The order by the New York Court of Appeals means that the case will go before the court likely later this fall. The motion for leave to appeal was granted without limiting it to any particular issue, so it’s possible the entire suit may come before the court, Stark said in a statement.

 

NFTs Are Booming, But Few States Are Imposing Taxes (Podcast) – Michael Bologna, Bloomberg ($). “Have you noticed digital works of art with names like Cool Cats, CryptoPunks, and Bored Ape Yacht Club while surfing the web or posting a snarky tweet?”

They’re all examples of non-fungible tokens, or NFTs, unique digital assets serving as certificates of authenticity for digital products including works of art, music, and collectibles. NFTs are also a surging new industry, expected to reach global sales of $80 billion by 2025.

Despite this booming market, state revenue agencies haven’t figured out how to tax or even characterize these digital assets. More than 30 states arguably have authority to collect sales tax on NFTs, but none of them have issued guidance on the subject.

 

La. House OKs Renewed Centralized Sales Tax Referendum - Paul Williams, Law360 ($). “Louisiana voters would have another chance to create a centralized sales tax collection commission under a measure the state House of Representatives unanimously approved.”

The state Legislature's lower chamber approved H.B. 681 on a 96-0 vote Wednesday after making technical changes to have the measure's language more closely match a similar constitutional amendment that lawmakers passed last year but voters rejected. The measure will next move to the state Senate.

 

EU Panel Presses For Quicker Minimum Tax Implementation - Stephen Gardner, Bloomberg ($). “European Union countries should press ahead more quickly than currently envisaged with implementation of a global minimum tax on company profits, a European Parliament panel said.”

Instead of the December 2023 deadline currently discussed by EU countries for a minimum 15% tax to take effect, EU governments should be ready to start applying the tax by Dec. 31 this year, members of the parliament’s economic and monetary affairs committee said in an opinion adopted Thursday.

 

Tax Pros Cautious About EU Tax Advisers Regulation - Matt Thompson, Law360 ($). “Following a decade of seemingly endless journalistic revelations of apparent widespread corruption and the use of dubious tax structures, the European Commission announced that it will regulate the selling of professional tax advice, eliciting a cautious response from industry representatives.”
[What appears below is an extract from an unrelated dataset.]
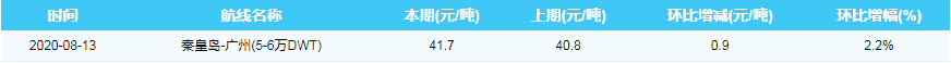 2020年8月13日沿海煤炭运费

Tax professionals representing various industry groups were reluctant to speak on the record to Law360 about the announcement. But the general consensus among advisers is that the commission needs to think through its proposal thoroughly before introducing legislation that could create new potential loopholes, burden honest professionals and increase the chance of mistakes or malfeasance.

 

Beware NFT ‘Red Flags,’ Global Tax Agencies Warn Police, Banks – David Hood, Bloomberg ($). “Law enforcement, banks, and taxpayers should be on high alert for ‘red flags’ signaling fraud in the nonfungible token marketplace, according to a new report from the Joint Chiefs of Global Tax Enforcement, commonly known as J5.”
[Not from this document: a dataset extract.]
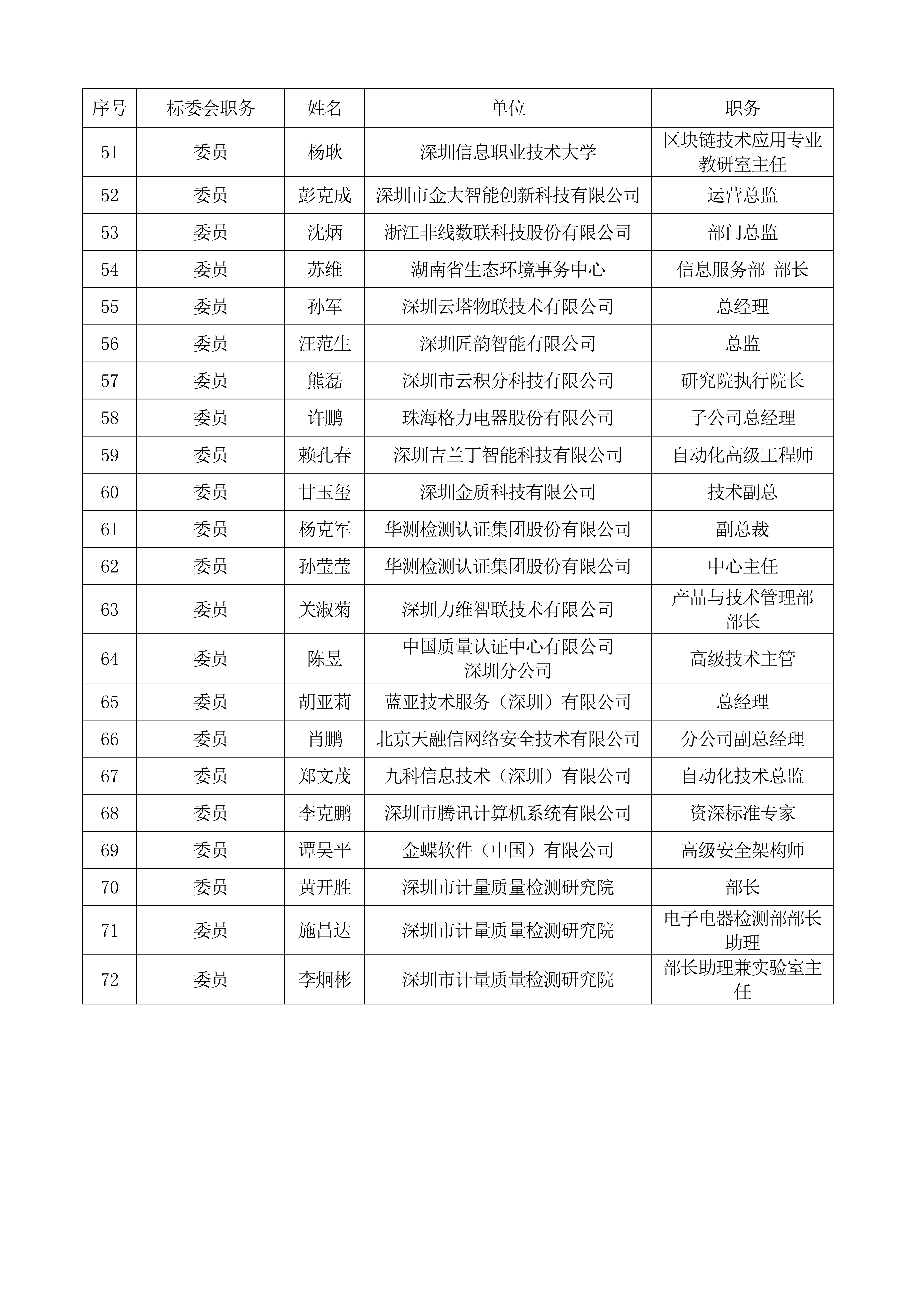 深圳市人工智能产业协会标准化委员会现有委员72名,为保障委员组成的公开透明,接受社会各界监督,现将该委员会委员名单予以公示。

The report describes more than a dozen ‘strong indicators’ of fraud in the NFT marketplace of which investors, police, and banks should be wary, as well as eight ‘moderate indicators’ that could signal fraud. The report, hailed as the ‘first of its kind’ from the global tax enforcement group, comes as the NFT marketplace booms and tax authorities like the IRS seek to accurately tax them.

 

Happy National Arbor Day! As buds transition to leaves or blooms, now is a great day to enjoy the season getting warmer.